* TASK DATA:
######

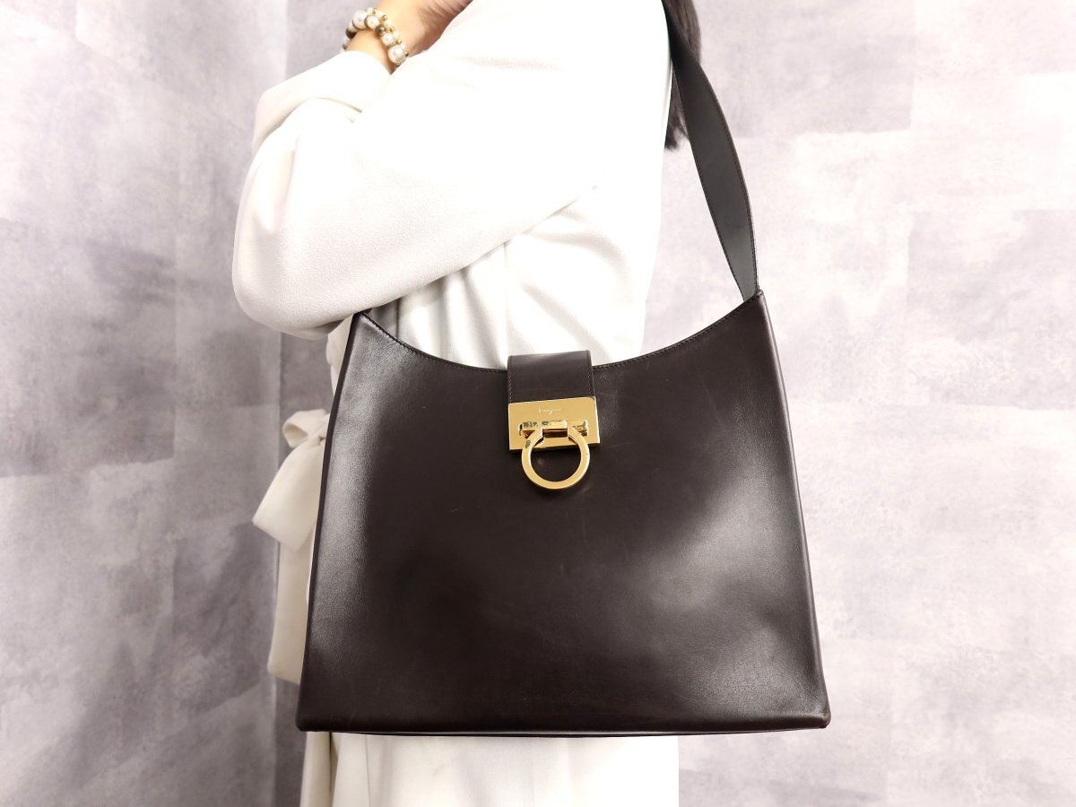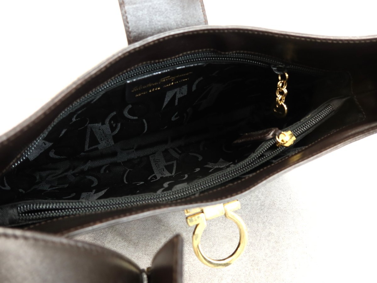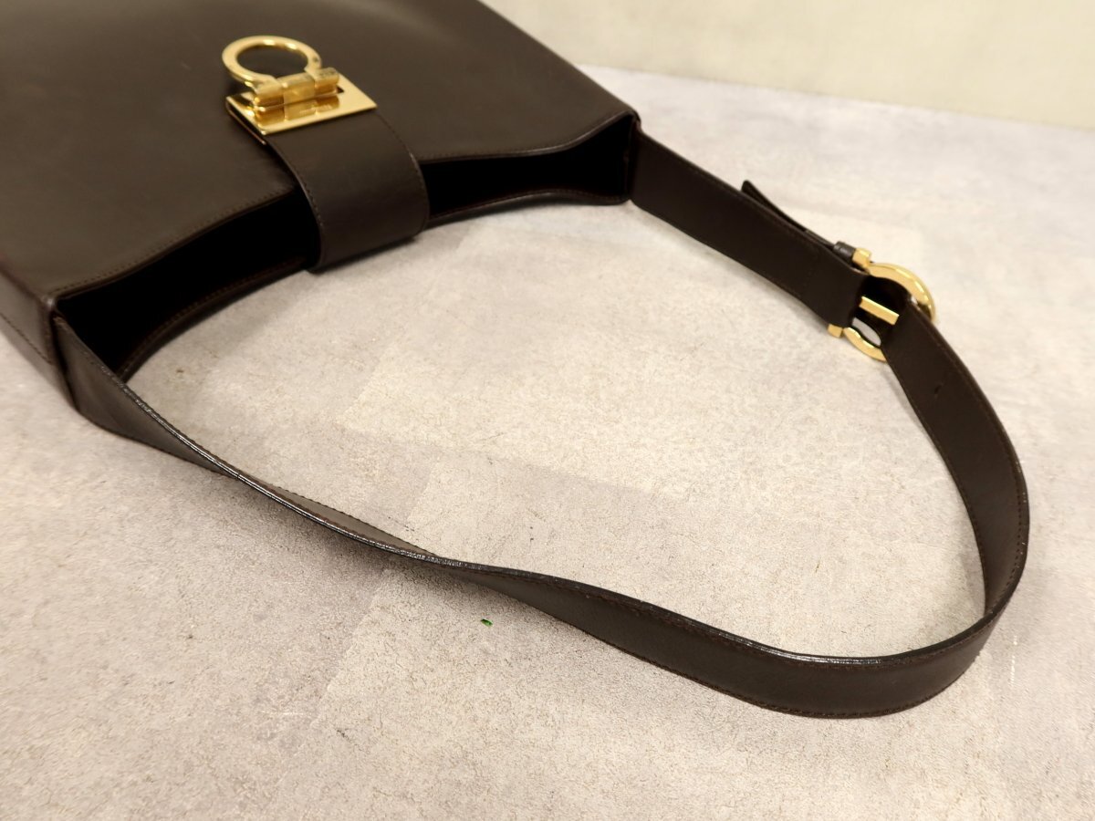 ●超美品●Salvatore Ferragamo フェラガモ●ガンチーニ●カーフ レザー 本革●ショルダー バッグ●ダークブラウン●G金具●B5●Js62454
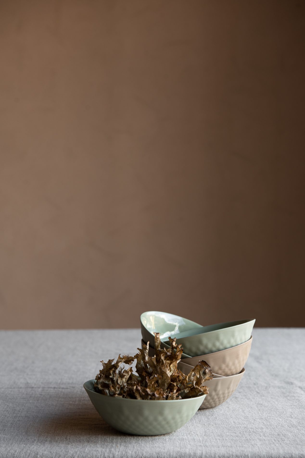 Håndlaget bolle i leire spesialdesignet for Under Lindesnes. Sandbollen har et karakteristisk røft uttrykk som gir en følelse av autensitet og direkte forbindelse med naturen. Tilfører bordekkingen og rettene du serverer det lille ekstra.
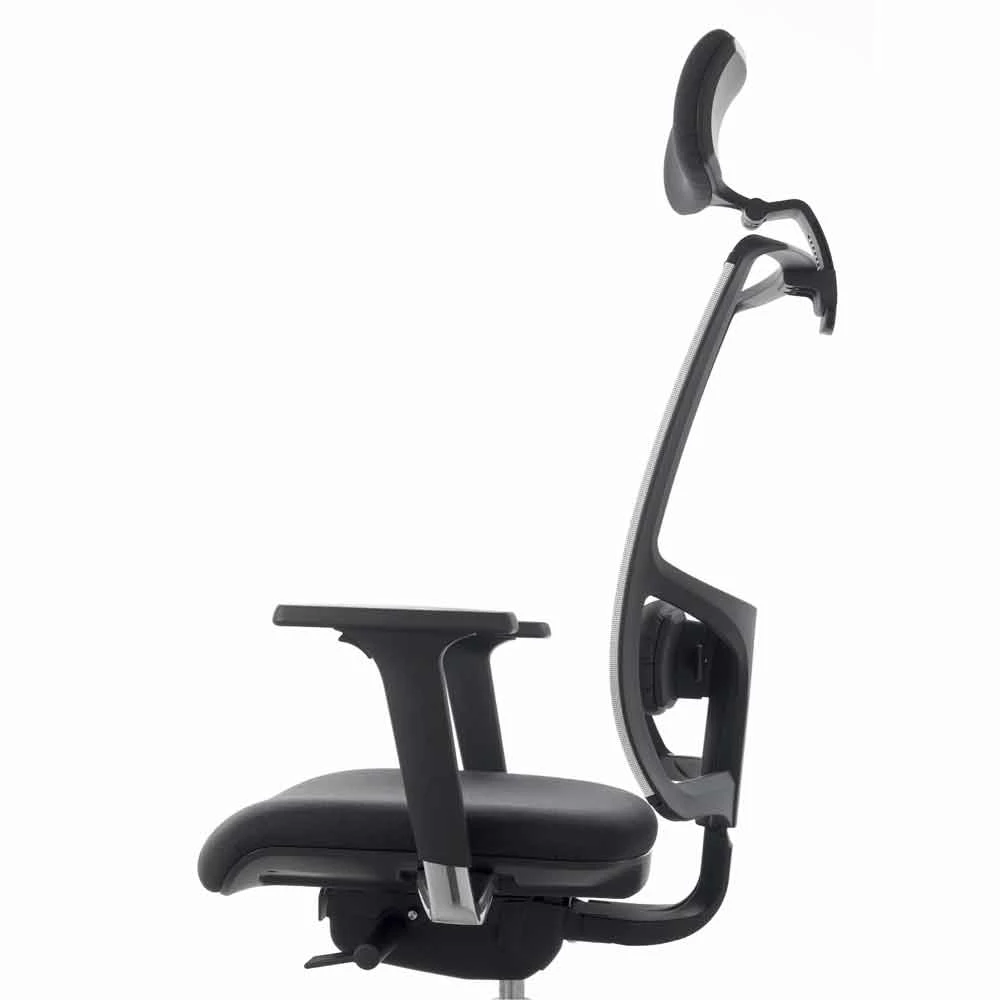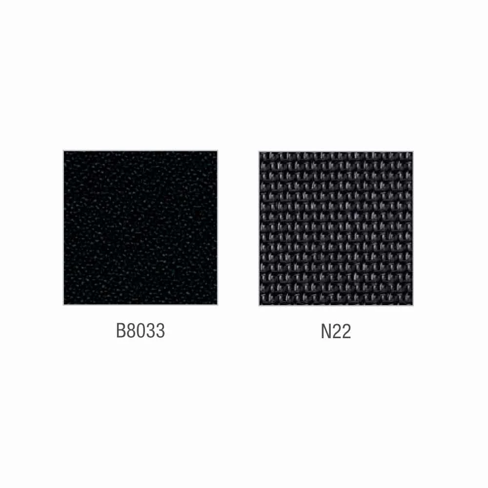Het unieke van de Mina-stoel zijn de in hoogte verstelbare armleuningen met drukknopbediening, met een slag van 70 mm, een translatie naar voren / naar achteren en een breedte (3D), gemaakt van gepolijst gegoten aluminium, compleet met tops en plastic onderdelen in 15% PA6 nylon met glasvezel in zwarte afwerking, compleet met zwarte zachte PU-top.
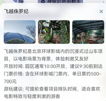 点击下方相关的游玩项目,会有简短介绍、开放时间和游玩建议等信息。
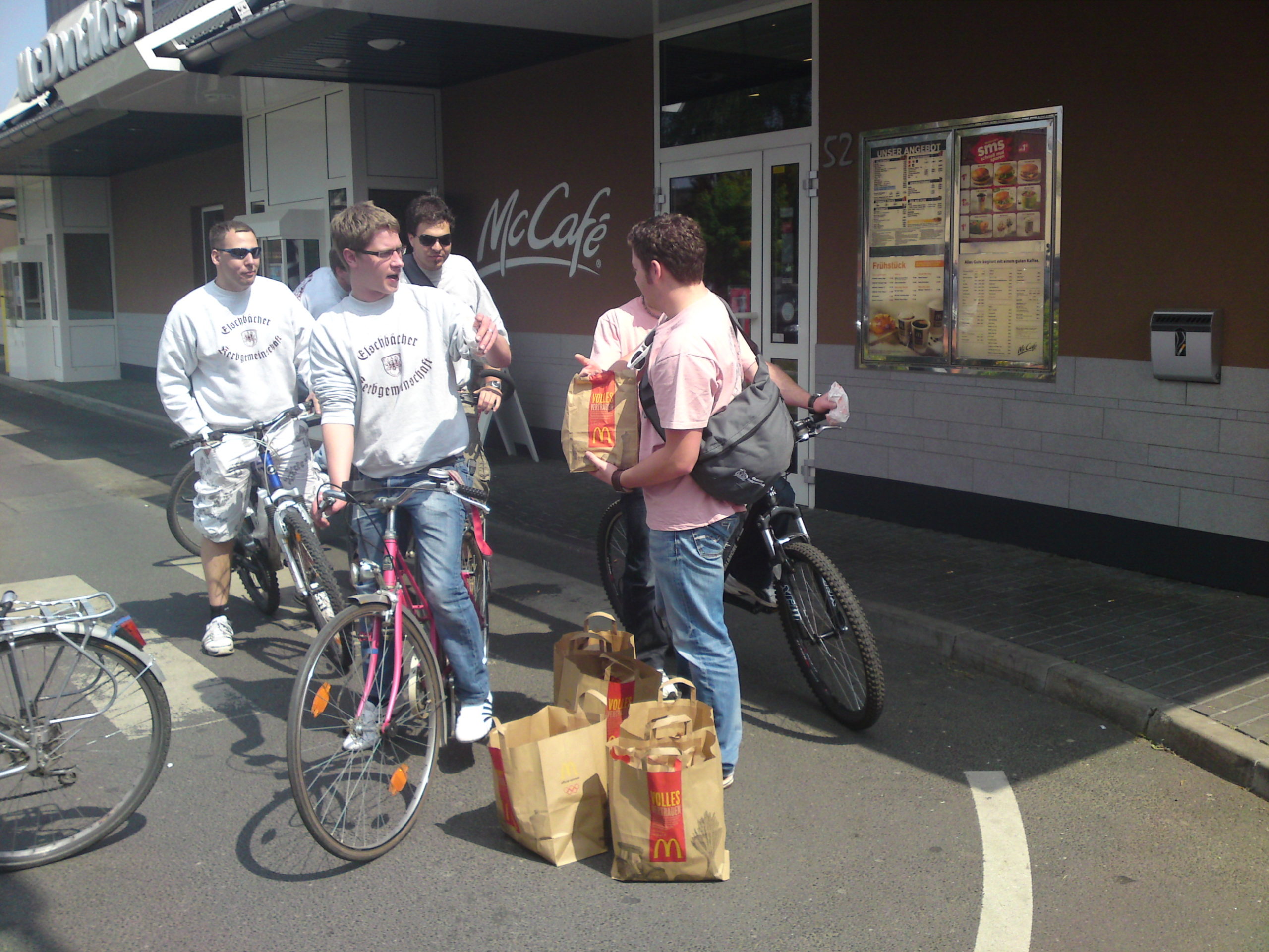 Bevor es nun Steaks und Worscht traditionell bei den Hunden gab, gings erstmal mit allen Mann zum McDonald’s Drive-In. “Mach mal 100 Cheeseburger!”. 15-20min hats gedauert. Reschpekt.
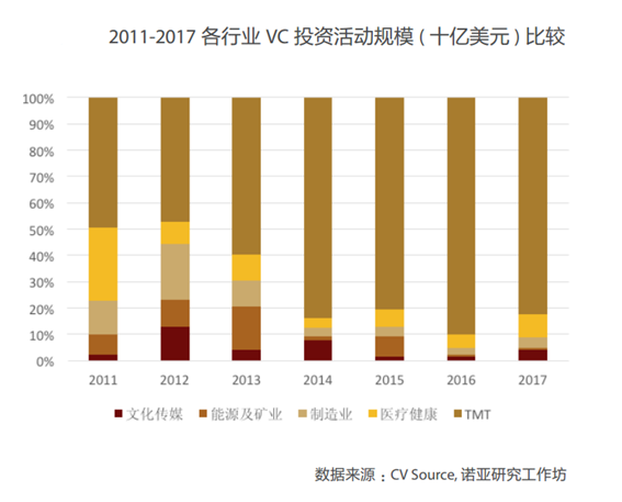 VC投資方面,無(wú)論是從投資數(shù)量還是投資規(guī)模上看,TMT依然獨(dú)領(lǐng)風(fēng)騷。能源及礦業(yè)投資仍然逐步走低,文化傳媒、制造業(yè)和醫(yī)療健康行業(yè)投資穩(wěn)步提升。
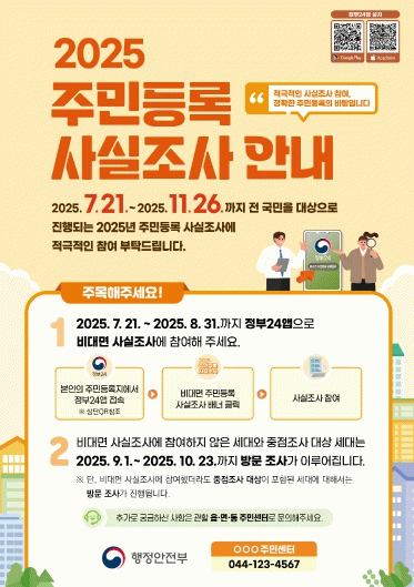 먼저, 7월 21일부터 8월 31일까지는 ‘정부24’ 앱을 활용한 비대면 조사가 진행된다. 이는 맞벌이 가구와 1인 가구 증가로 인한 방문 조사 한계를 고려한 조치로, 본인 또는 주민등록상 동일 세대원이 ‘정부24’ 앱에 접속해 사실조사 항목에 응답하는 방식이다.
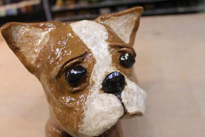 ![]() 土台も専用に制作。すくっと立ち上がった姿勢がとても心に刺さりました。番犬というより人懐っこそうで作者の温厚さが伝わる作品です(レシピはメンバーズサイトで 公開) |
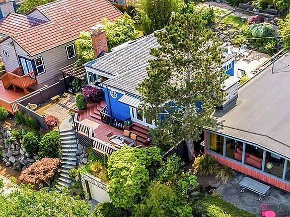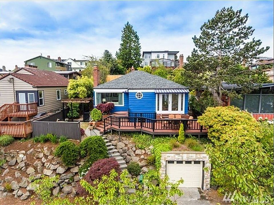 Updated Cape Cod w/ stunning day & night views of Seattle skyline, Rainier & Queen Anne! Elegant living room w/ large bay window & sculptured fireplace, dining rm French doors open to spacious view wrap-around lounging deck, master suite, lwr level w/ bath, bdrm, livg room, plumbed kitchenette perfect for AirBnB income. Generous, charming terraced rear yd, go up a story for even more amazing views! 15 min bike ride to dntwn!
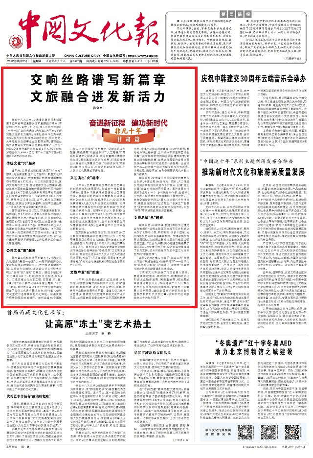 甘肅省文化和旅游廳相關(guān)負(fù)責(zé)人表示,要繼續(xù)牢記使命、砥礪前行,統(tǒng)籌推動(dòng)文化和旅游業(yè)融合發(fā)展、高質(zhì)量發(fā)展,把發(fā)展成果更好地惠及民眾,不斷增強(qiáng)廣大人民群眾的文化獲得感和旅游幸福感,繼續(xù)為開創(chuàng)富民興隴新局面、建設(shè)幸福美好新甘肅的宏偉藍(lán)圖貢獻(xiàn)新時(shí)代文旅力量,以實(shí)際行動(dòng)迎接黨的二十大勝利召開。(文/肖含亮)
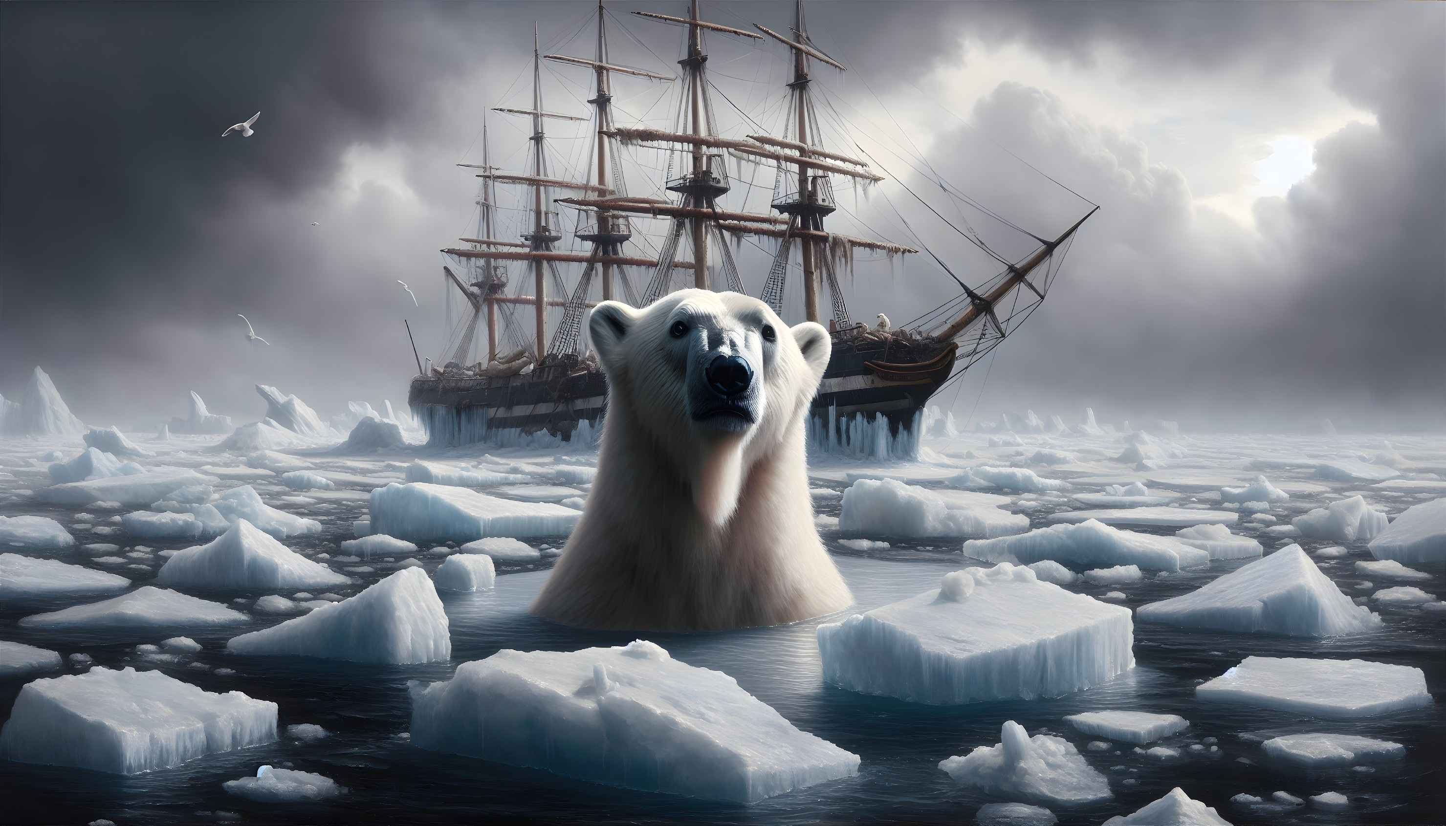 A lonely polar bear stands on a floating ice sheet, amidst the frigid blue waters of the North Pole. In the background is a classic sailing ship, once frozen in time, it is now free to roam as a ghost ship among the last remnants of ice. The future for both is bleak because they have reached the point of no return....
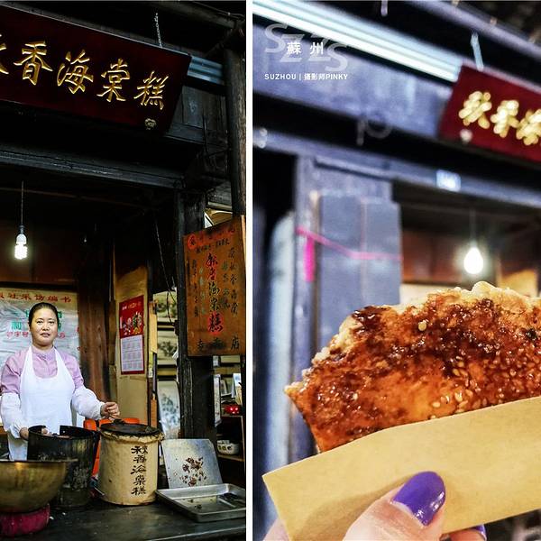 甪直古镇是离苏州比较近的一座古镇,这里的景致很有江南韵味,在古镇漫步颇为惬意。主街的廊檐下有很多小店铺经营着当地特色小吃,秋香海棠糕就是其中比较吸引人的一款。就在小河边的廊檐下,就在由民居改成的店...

######

* PROBLEM: Please repeat the records above exactly, leaving every picture out.

* EXERCISE RESPONSE:
 ●超美品●Salvatore Ferragamo フェラガモ●ガンチーニ●カーフ レザー 本革●ショルダー バッグ●ダークブラウン●G金具●B5●Js62454
 Håndlaget bolle i leire spesialdesignet for Under Lindesnes. Sandbollen har et karakteristisk røft uttrykk som gir en følelse av autensitet og direkte forbindelse med naturen. Tilfører bordekkingen og rettene du serverer det lille ekstra.
Het unieke van de Mina-stoel zijn de in hoogte verstelbare armleuningen met drukknopbediening, met een slag van 70 mm, een translatie naar voren / naar achteren en een breedte (3D), gemaakt van gepolijst gegoten aluminium, compleet met tops en plastic onderdelen in 15% PA6 nylon met glasvezel in zwarte afwerking, compleet met zwarte zachte PU-top.
 点击下方相关的游玩项目,会有简短介绍、开放时间和游玩建议等信息。
 Bevor es nun Steaks und Worscht traditionell bei den Hunden gab, gings erstmal mit allen Mann zum McDonald’s Drive-In. “Mach mal 100 Cheeseburger!”. 15-20min hats gedauert. Reschpekt.
 VC投資方面,無(wú)論是從投資數(shù)量還是投資規(guī)模上看,TMT依然獨(dú)領(lǐng)風(fēng)騷。能源及礦業(yè)投資仍然逐步走低,文化傳媒、制造業(yè)和醫(yī)療健康行業(yè)投資穩(wěn)步提升。
 먼저, 7월 21일부터 8월 31일까지는 ‘정부24’ 앱을 활용한 비대면 조사가 진행된다. 이는 맞벌이 가구와 1인 가구 증가로 인한 방문 조사 한계를 고려한 조치로, 본인 또는 주민등록상 동일 세대원이 ‘정부24’ 앱에 접속해 사실조사 항목에 응답하는 방식이다.
 ![]() 土台も専用に制作。すくっと立ち上がった姿勢がとても心に刺さりました。番犬というより人懐っこそうで作者の温厚さが伝わる作品です(レシピはメンバーズサイトで 公開) |
 Updated Cape Cod w/ stunning day & night views of Seattle skyline, Rainier & Queen Anne! Elegant living room w/ large bay window & sculptured fireplace, dining rm French doors open to spacious view wrap-around lounging deck, master suite, lwr level w/ bath, bdrm, livg room, plumbed kitchenette perfect for AirBnB income. Generous, charming terraced rear yd, go up a story for even more amazing views! 15 min bike ride to dntwn!
 甘肅省文化和旅游廳相關(guān)負(fù)責(zé)人表示,要繼續(xù)牢記使命、砥礪前行,統(tǒng)籌推動(dòng)文化和旅游業(yè)融合發(fā)展、高質(zhì)量發(fā)展,把發(fā)展成果更好地惠及民眾,不斷增強(qiáng)廣大人民群眾的文化獲得感和旅游幸福感,繼續(xù)為開創(chuàng)富民興隴新局面、建設(shè)幸福美好新甘肅的宏偉藍(lán)圖貢獻(xiàn)新時(shí)代文旅力量,以實(shí)際行動(dòng)迎接黨的二十大勝利召開。(文/肖含亮)
 A lonely polar bear stands on a floating ice sheet, amidst the frigid blue waters of the North Pole. In the background is a classic sailing ship, once frozen in time, it is now free to roam as a ghost ship among the last remnants of ice. The future for both is bleak because they have reached the point of no return....
 甪直古镇是离苏州比较近的一座古镇,这里的景致很有江南韵味,在古镇漫步颇为惬意。主街的廊檐下有很多小店铺经营着当地特色小吃,秋香海棠糕就是其中比较吸引人的一款。就在小河边的廊檐下,就在由民居改成的店...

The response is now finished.